• _Aim of the task_
Pictures must not appear in the copy. Restate exactly the lines below from the one with "В то же время, по" through the one with "9月20-21日,全国教育基", inclusive.

BEGIN Source material

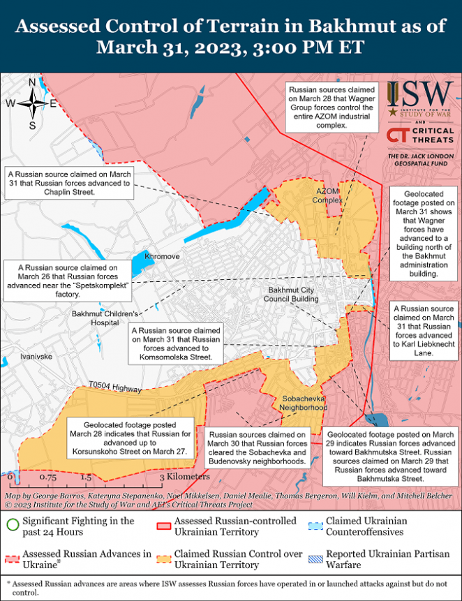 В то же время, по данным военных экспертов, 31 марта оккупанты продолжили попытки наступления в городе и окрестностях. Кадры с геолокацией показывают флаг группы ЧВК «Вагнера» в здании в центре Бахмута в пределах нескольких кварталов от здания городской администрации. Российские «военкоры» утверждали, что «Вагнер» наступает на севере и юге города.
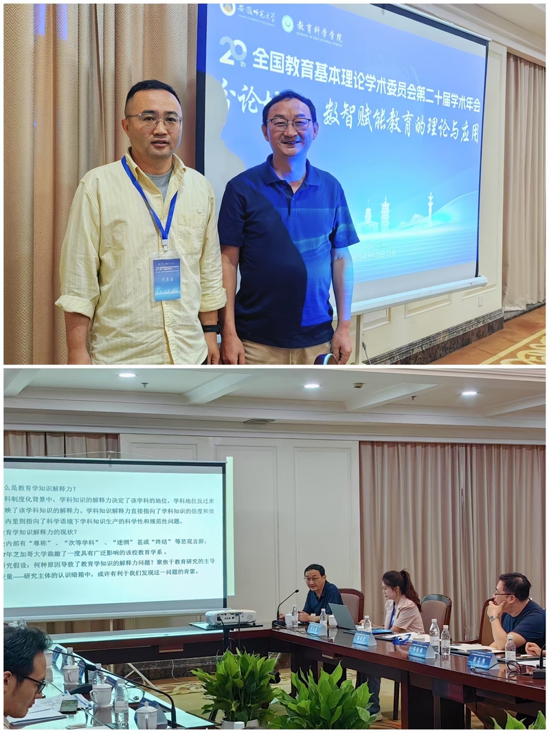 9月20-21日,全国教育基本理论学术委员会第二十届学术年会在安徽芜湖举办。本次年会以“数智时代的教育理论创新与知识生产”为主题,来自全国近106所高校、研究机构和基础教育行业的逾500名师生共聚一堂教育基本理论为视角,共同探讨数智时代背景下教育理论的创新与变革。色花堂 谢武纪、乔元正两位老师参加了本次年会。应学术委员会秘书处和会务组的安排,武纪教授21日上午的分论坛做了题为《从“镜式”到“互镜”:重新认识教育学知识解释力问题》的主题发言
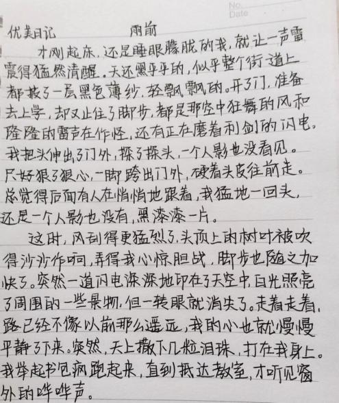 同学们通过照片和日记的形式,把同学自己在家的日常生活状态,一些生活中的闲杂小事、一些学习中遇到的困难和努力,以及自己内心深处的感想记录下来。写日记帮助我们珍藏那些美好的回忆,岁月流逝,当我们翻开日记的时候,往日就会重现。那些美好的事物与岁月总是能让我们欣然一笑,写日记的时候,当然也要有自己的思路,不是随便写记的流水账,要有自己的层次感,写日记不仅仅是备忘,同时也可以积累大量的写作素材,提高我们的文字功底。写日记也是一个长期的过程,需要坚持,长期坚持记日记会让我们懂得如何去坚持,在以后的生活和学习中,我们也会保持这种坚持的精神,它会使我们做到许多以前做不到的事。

END Source material
BEGIN Source material

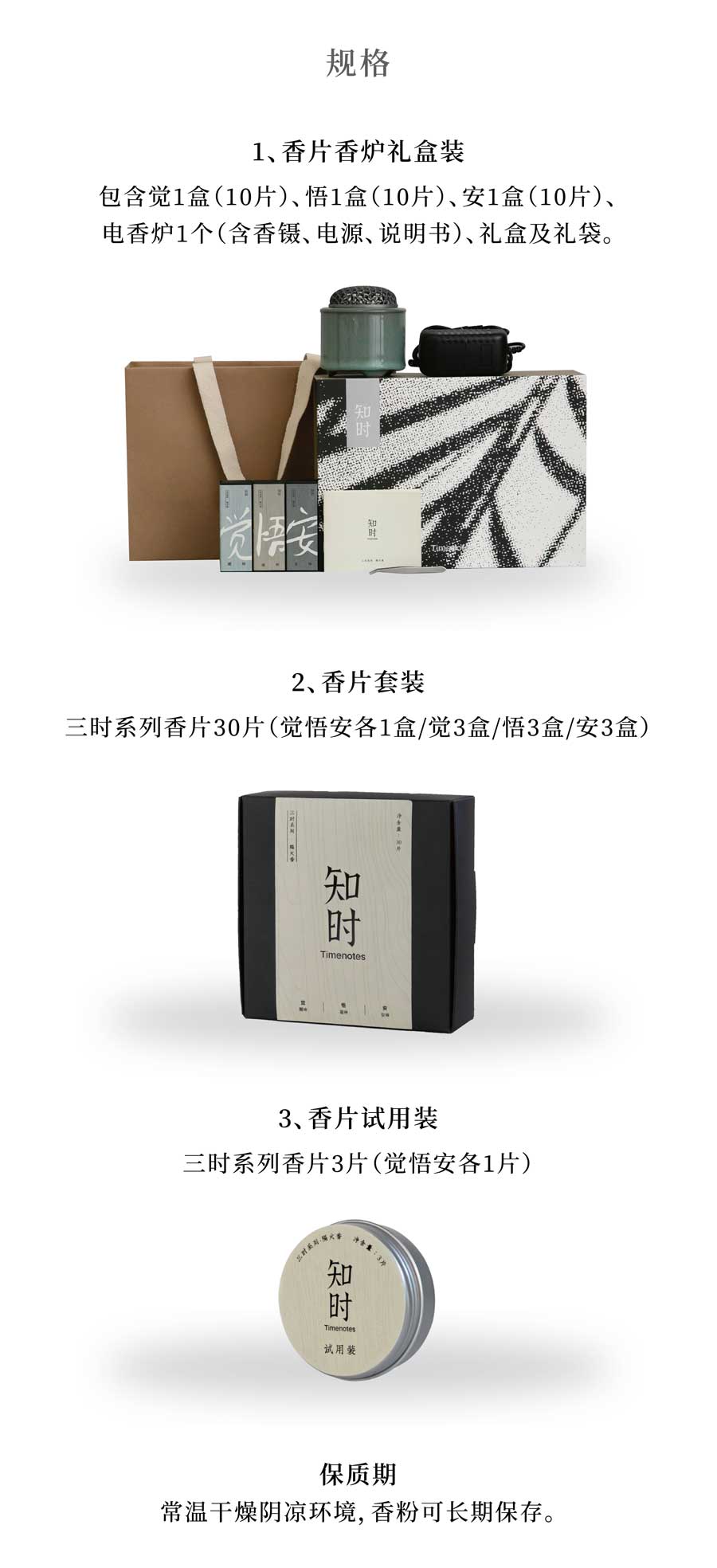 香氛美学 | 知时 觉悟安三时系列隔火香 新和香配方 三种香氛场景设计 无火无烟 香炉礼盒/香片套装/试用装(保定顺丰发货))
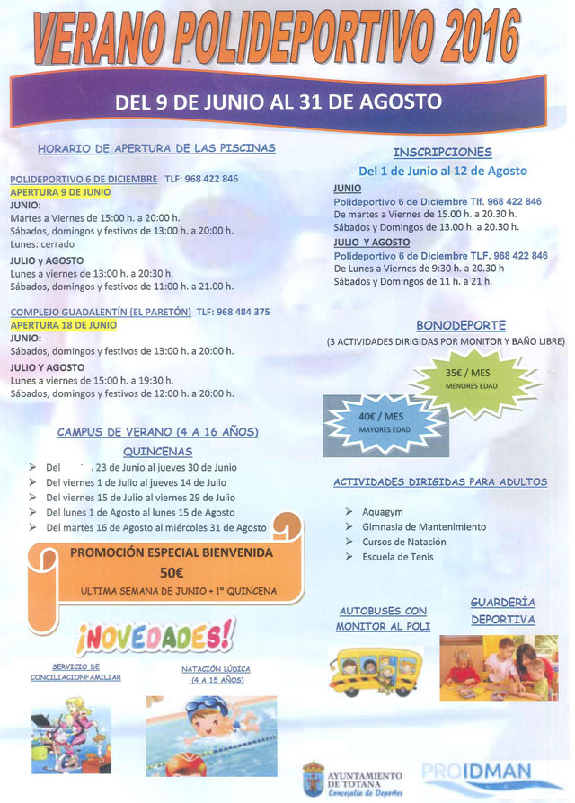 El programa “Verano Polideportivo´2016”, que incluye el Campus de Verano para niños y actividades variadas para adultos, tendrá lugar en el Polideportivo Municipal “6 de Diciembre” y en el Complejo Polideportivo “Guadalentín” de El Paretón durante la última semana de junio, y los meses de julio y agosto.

END Source material

• _Exercise response_
 В то же время, по данным военных экспертов, 31 марта оккупанты продолжили попытки наступления в городе и окрестностях. Кадры с геолокацией показывают флаг группы ЧВК «Вагнера» в здании в центре Бахмута в пределах нескольких кварталов от здания городской администрации. Российские «военкоры» утверждали, что «Вагнер» наступает на севере и юге города.
 9月20-21日,全国教育基本理论学术委员会第二十届学术年会在安徽芜湖举办。本次年会以“数智时代的教育理论创新与知识生产”为主题,来自全国近106所高校、研究机构和基础教育行业的逾500名师生共聚一堂教育基本理论为视角,共同探讨数智时代背景下教育理论的创新与变革。色花堂 谢武纪、乔元正两位老师参加了本次年会。应学术委员会秘书处和会务组的安排,武纪教授21日上午的分论坛做了题为《从“镜式”到“互镜”:重新认识教育学知识解释力问题》的主题发言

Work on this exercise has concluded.